Currently, a population shift is happening and will become clearer by 2030, Guillén said. He coins the term “Grey is the new black” to talk about how much of the market’s current focus is on catering to millennials, but with growing life expectancies, we’ll get to a point where people over 60 will be the largest population group. There will be more grandparents than grandchildren, he said.

“We need to abandon idea that people over 60 are old,” Guillén said. “The meaning of old and young is changing and we need to abandon that conception. There are people in 60s and 70s having a full life, and they want quality of life. And companies and organizations will have to acknowledge that.”

And this changes how we think about working, too, he said. Before, many people had two or three jobs in their lifetime, but as we live longer, we see our lives split up into different segments. Now, it’s common to have two or three careers. Folks are stretching their working and educating years over the course of their lifetimes, Guillén said.

This folds into another theme we’ll see emerging: women’s wealth and equity. Gullien said more women are gaining wealth, more women are graduating from college and more women are gaining positions of power. (Look for a future episode of Technical.ly’s Off the Sidelines podcast to address the women and wealth issue, too.)

There are still major equity issues, he acknowledged, especially for women of color, and for women in different parts of the world. But current studies show that in 41% of American households that are shared by a married, heterosexual couples, the wife is making more money. And the projection is that by 2030, more than half of American households will be in this position.
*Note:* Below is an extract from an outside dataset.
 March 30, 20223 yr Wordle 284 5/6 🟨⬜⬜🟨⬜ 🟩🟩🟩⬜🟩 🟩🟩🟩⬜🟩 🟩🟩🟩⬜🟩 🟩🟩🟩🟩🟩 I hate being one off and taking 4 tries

“That is a tipping point,” Guillén said. “That will change quite a few things.”

Technological changes have touched just about every part of life. One of the biggest impacts of technology, the professor claimed, is that some greatly benefit from emerging technologies (hello, our entire tech community) while others have lost out (like, say, losing human jobs to robotics or automation). It’s easy to see why there’s resentment, he said.
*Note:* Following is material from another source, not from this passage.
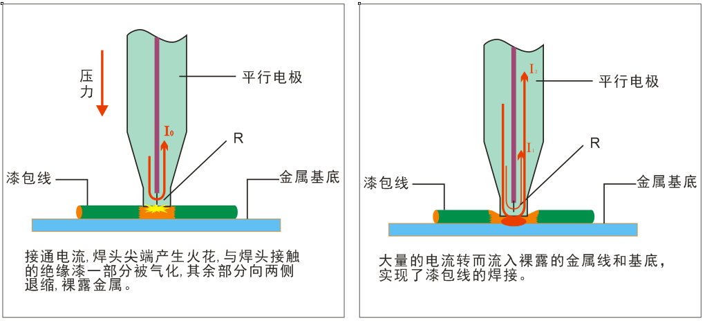 這種焊接方式叫微點焊漆包線焊接工藝,適合細小漆包線(直徑;0.3mm內)的不去漆焊接,如果漆包線太粗,則焊接需要的熱量是非常大,用于微點焊工藝的焊頭發熱是有極限可能會滿足不了,無法達到焊接效果。如果漆包線線徑較大,有兩種工藝:一是可以去皮再焊接。另一種工藝: 不想多一道去工序直接焊接,也可以實現,只是這種焊接工藝就不能適用了。較大線徑、面積漆包線焊接工藝屬于熱熔焊接。

“The way of the future is to innovate without leaving Americans behind,” Guillén said, calling out solutions like workforce training programs or a minimum income for folks who’ve been pushed out of their positions. “I think that’s why there’s so much resentment.”

Guillén and conversation host Karen Copeland, of CreateXChange both acknowledged that they could talk about these trends for days, but wanted to touch on a realization that’s come over the last few months: While Guillén and other futurist’s predications about these global trends initially seemed to peak a decade from now, in 2030, the pandemic has expedited many of them. This may be our reality sooner, they said.

“The pandemic might bring it by 2028,” Guillén said.

We’ve already seen technological solutions or robots being used as an answer in some labor markets to avoid human contact, the wealth gap and inequity is opening up wider due to growing unemployment and available resources, and a global crisis is likely making adults second-guess their family planning.

“It’s accelerating the trends,” Guillén said. “The future we’re all waiting for is arriving faster.”